If the color recording is performed sequentially, the use efficiency of the ink ribbon is improved. That is, the configuration is such that the ink areas 201 for recording the main image and the ink areas 202 for recording the sub-image are alternately arranged. At this time, a mark 203 indicating the ink area for the main image and a mark 204 being the ink area for the sub-image are separately provided at predetermined positions on the ink ribbon, and the marks 203 and 204 are read by a sensor (not shown). If it takes, the conveyance control of the ink ribbon 200 can be performed accurately and simply.

When it is not necessary to make the sub-image full color, black or another single color ink may be used for recording the sub-image. In this case, if the ink ribbon 205 shown in FIG. 22 is used, the recording of the sub-image can be completed by one recording operation, so that the recording time can be reduced and the ink time can be shortened as compared with the full color recording using three color inks. The use efficiency of the ribbon can be improved.

Further, as shown in FIG.
07 may be configured. That is, the configuration is such that the size of the one color ink area is equal to or larger than the sum of the areas required for recording the main image and the sub image.

In this case, the main image signal and the sub image signal are alternately supplied to the image recording unit 3 for each color, and the recording of the main image and the recording of the sub image are alternately performed for each color. That is, the main image / sub-image is recorded on the yellow signal, the main image / sub-image is recorded on the magenta signal, and the main image / sub-image is sequentially recorded on cyan.
As a result, a full-color recorded image is obtained for both the main image and the sub-image. If the ink ribbon has such a configuration, it is not necessary to separate the ink application area between the main image area and the sub-image area on the ink ribbon, and the configuration of each ink area can be simplified. And simplification of the coating process. In the above embodiment, the case where the sub-image is recorded after the main image is recorded has been described. However, the main image may be recorded after the sub-image is recorded.

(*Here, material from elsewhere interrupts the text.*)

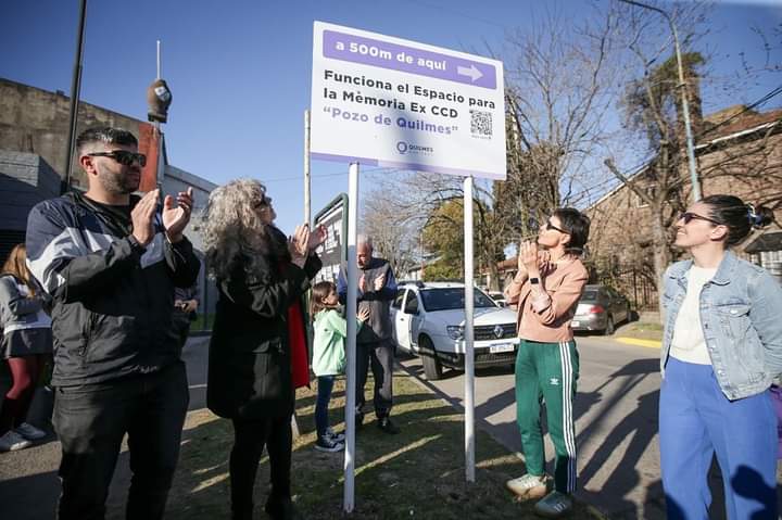 La intendenta de Quilmes, Mayra Mendoza, participó este jueves del acto de señalización que indica la distancia que hay entre el Club Argentino de Quilmes (Cevallos y Alsina) y el Espacio de Memoria del Ex Centro Clandestino de Detención conocido como Pozo de Quilmes (Garibaldi y Allison Bell), en el marco del programa municipal “Esquinas con Memoria” y del Día Internacional de las Víctimas de Desapariciones Forzadas, que se conmemora cada 30 de agosto.

However, in either case, it may be necessary to control the amount of recording energy so that the recording order does not affect the recording quality. For example, in the image recording method applied to the image recording section 3 of the present embodiment, the relationship between the amount of dye ink received in the receiving layer provided on the recording paper and the amount of recording energy has the relationship shown in FIG. That is, the more dye ink is already contained in the receiving layer, the larger the amount of recording energy is required to receive a new dye ink.
Since the amount of dye ink received is almost proportional to the recording density, an appropriate recording energy must be applied to obtain a recording density corresponding to an image signal. For this reason, control is performed by referring to the history of the recording signal and the like, calculating the amount of ink that has already been received, and adaptively changing the recording energy amount from E0 to E1 in the drawing, for example, so as to obtain a predetermined recording density. It is necessary to have a circuit. In general, the main image is more important than the sub-image, and therefore, it is necessary to pay close attention to the image quality fluctuation as described above. Therefore, it is desirable that the recording order in which the main image is recorded and then the sub-images are recorded has an effect of suppressing the image quality fluctuation of the main image. Further, in a use in which the main image surface is adhered and covered with a transparent resin film or the like after recording the main image, the main image and the sub image may be recorded as follows.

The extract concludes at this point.